I used to write my dreams in the shower. As the water coursed zigzags down the shower door, I would write words: Mission. Write. Volunteer. Words. Children. Love. I would write these words, watching them wash away as fast as I wrote them. Watching them go up in steam as I cried or raged inside or felt numb. I was afraid of my dreams. Afraid to try, because what if I failed? Afraid to try, because what if I didn't fail? Afraid.

Then a few things happened. First, my friend died. Young and beautiful and embracing life. Living. Really living. And gone. Like that. Gone. Jenna inspired me while she was alive with her boundless energy and smile, her passion to make others feel cared about and loved, her desire to live a life of service. She has inspired me in her death because I want to do and be all of those things and I don't want to waste another minute because not a single one of us knows how many minutes we have left. I'm praying and wishing and hoping and crossing fingers and toes that there are many, many, many thousands of minutes left. But hoping and crossing fingers isn't the same as knowing. No matter how many minutes I have left, I want to live them, wringing the last bit of life out of each of them. I want to be saturated in the joys and delights and pain and sadness of this world.

Second, I read the book Love Does by Bob Goff. I feel that he deserves a pretty serious name drop in my first blog post since I kind of stole my blog name from one of his talks. Well, it wasn't kind of. I really just stole it, but it's so good and so perfect for this time in my life. This time where I just want to stop letting fear of failure or looking silly hold me back from what I should be doing, what I was made to do. What I should be doing is loving and writing and I intend to do both here.

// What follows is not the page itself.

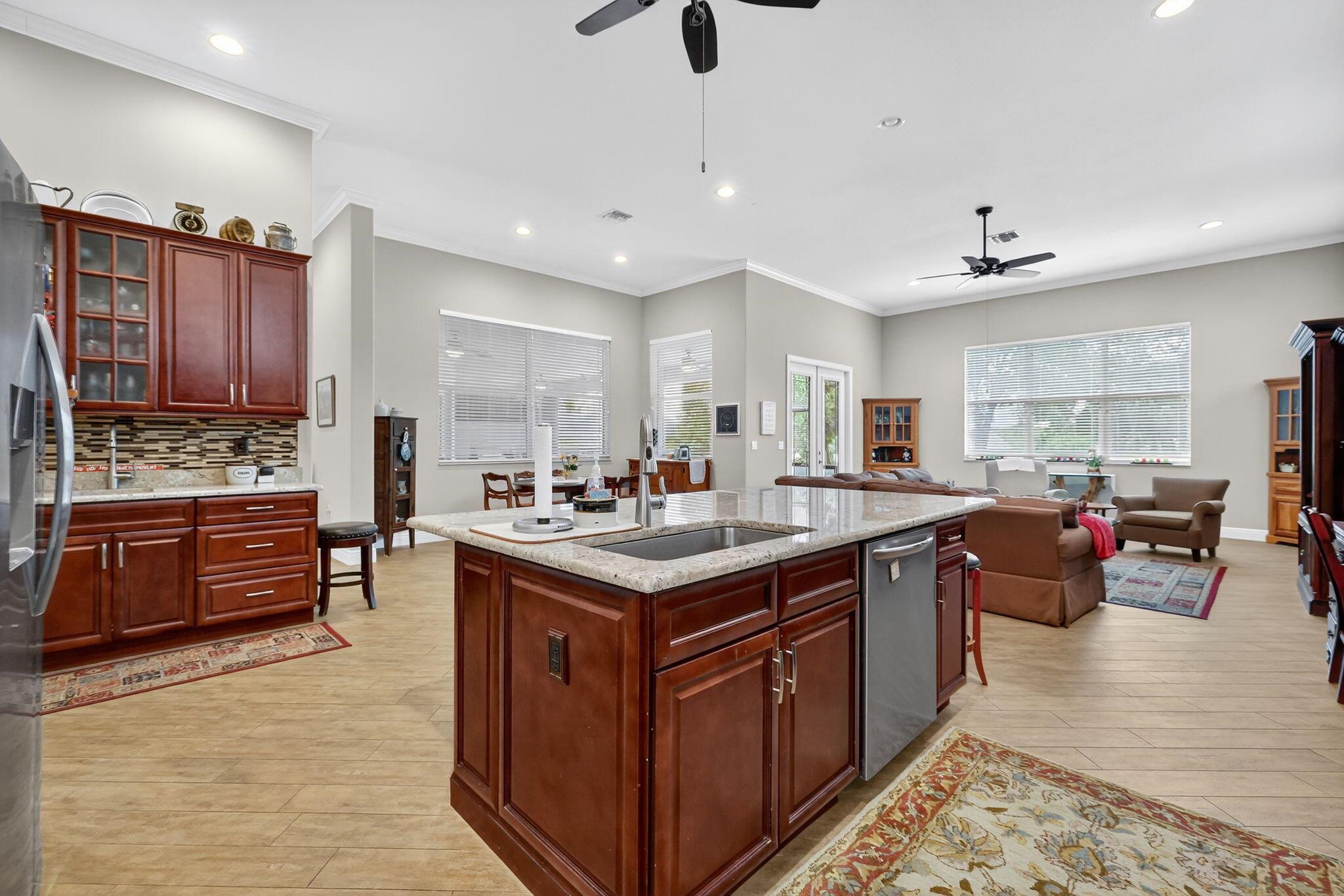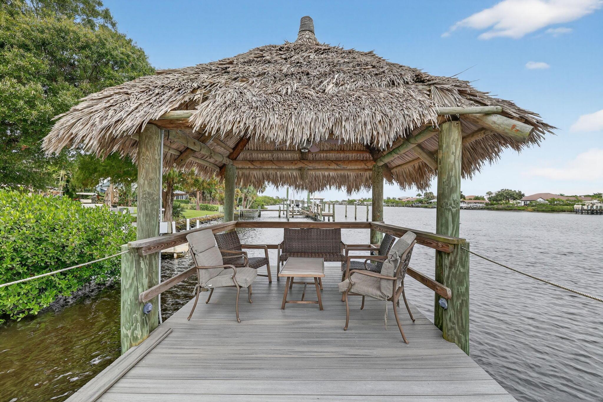Beautiful 2016-built riverfront home with direct river access and no fixed bridges! Shows like a model, featuring impact hurricane windows and doors, whole-house generator, and a spacious screened lanai perfect for entertaining. Nestled on 1 acre with 105 feet of river frontage, this property includes a private dock with tiki hut--ideal for boating and relaxing by the water. Enjoy the perfect blend of modern comfort, coastal style, and serene riverfront living!

He said that the bigger we love, the more likely we are to fail because the risks are bigger. The more we put ourselves out there, the greater the chance for heartache and disappointment. That's just how life goes. I spent a lot of time, I'm talking years, wishing it were different and, therefore, not taking risks because I didn't want to be hurt and I definitely didn't want to fail. But, that time is past. That me and those fears are gone.

Third, I woke up. I woke up to the wonder of this life and this world and these simple, immense breaths that sustain us. I woke up to the possibility of living to my full potential instead of waiting for life to happen to me. Here's the quote that sums it up for me, courtesy of Frederick Buechner, American writer, theologian, and, if this quote is any indication, one smart, fantastic fella.

“Whatever you do with your life—whatever you end up achieving or not achieving—
the great gift you have in you to give to the world is the gift of who you alone are;
your way of seeing things, and saying things, and feeling about things, that is like
nobody else’s. If so much as a single one of you were missing, there would be an
empty place at the great feast of life that nobody else in all creation could fill.”

I just want to walk around this beautiful, terrible world and let people know how much the world would be missing if they weren't in it. This great feast of life that is for all of us, regardless of where we live, where we work, what we had for dinner, if we had dinner at all. Not only is it for all of us, but all of us are an integral part of it because we all have something uniquely ours to bring to this delectable table.

For now, in this season of my life, with kissing baby tootsies and teaching how to tie shoes, French braiding hair and driving to basketball practice, most of my walking will be close to home and most of my writing will be on this little blog with big dreams. It's a start. It's my start. Ready? Set? GO!